• **DATA BELOW**:
· · · · ·

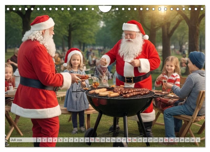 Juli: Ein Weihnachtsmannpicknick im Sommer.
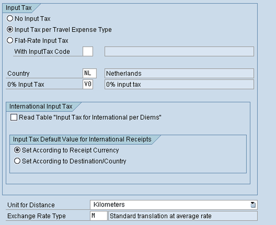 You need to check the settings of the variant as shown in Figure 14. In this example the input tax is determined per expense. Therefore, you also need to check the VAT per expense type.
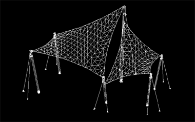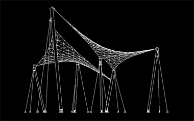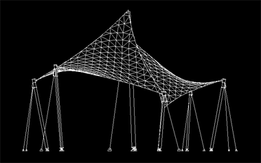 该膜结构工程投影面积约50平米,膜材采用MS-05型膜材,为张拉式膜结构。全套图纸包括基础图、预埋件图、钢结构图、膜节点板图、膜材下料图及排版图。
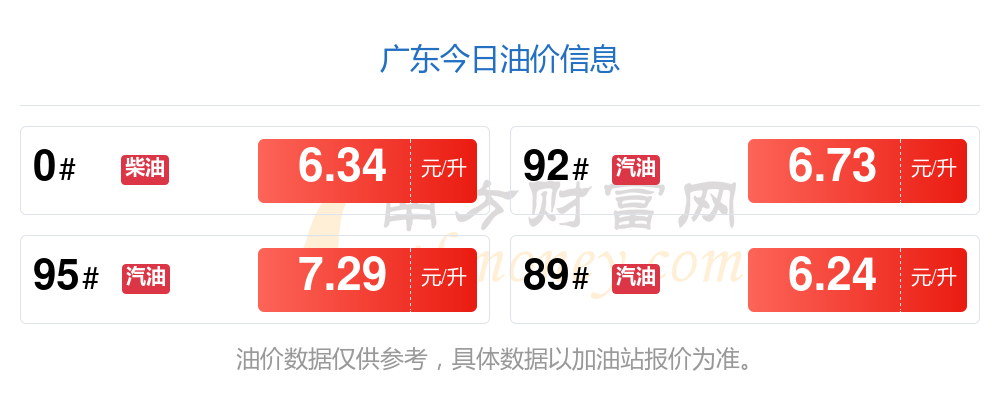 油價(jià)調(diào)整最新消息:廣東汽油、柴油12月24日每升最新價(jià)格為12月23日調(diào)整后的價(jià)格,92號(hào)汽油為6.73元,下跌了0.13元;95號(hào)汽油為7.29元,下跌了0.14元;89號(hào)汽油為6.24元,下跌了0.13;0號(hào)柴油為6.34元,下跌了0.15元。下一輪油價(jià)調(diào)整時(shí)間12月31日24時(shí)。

· · · · ·

Your task is to repeat the material above exactly, without its pictures.

• **WORKED SOLUTION**:
 Juli: Ein Weihnachtsmannpicknick im Sommer.
 You need to check the settings of the variant as shown in Figure 14. In this example the input tax is determined per expense. Therefore, you also need to check the VAT per expense type.
 该膜结构工程投影面积约50平米,膜材采用MS-05型膜材,为张拉式膜结构。全套图纸包括基础图、预埋件图、钢结构图、膜节点板图、膜材下料图及排版图。
 油價(jià)調(diào)整最新消息:廣東汽油、柴油12月24日每升最新價(jià)格為12月23日調(diào)整后的價(jià)格,92號(hào)汽油為6.73元,下跌了0.13元;95號(hào)汽油為7.29元,下跌了0.14元;89號(hào)汽油為6.24元,下跌了0.13;0號(hào)柴油為6.34元,下跌了0.15元。下一輪油價(jià)調(diào)整時(shí)間12月31日24時(shí)。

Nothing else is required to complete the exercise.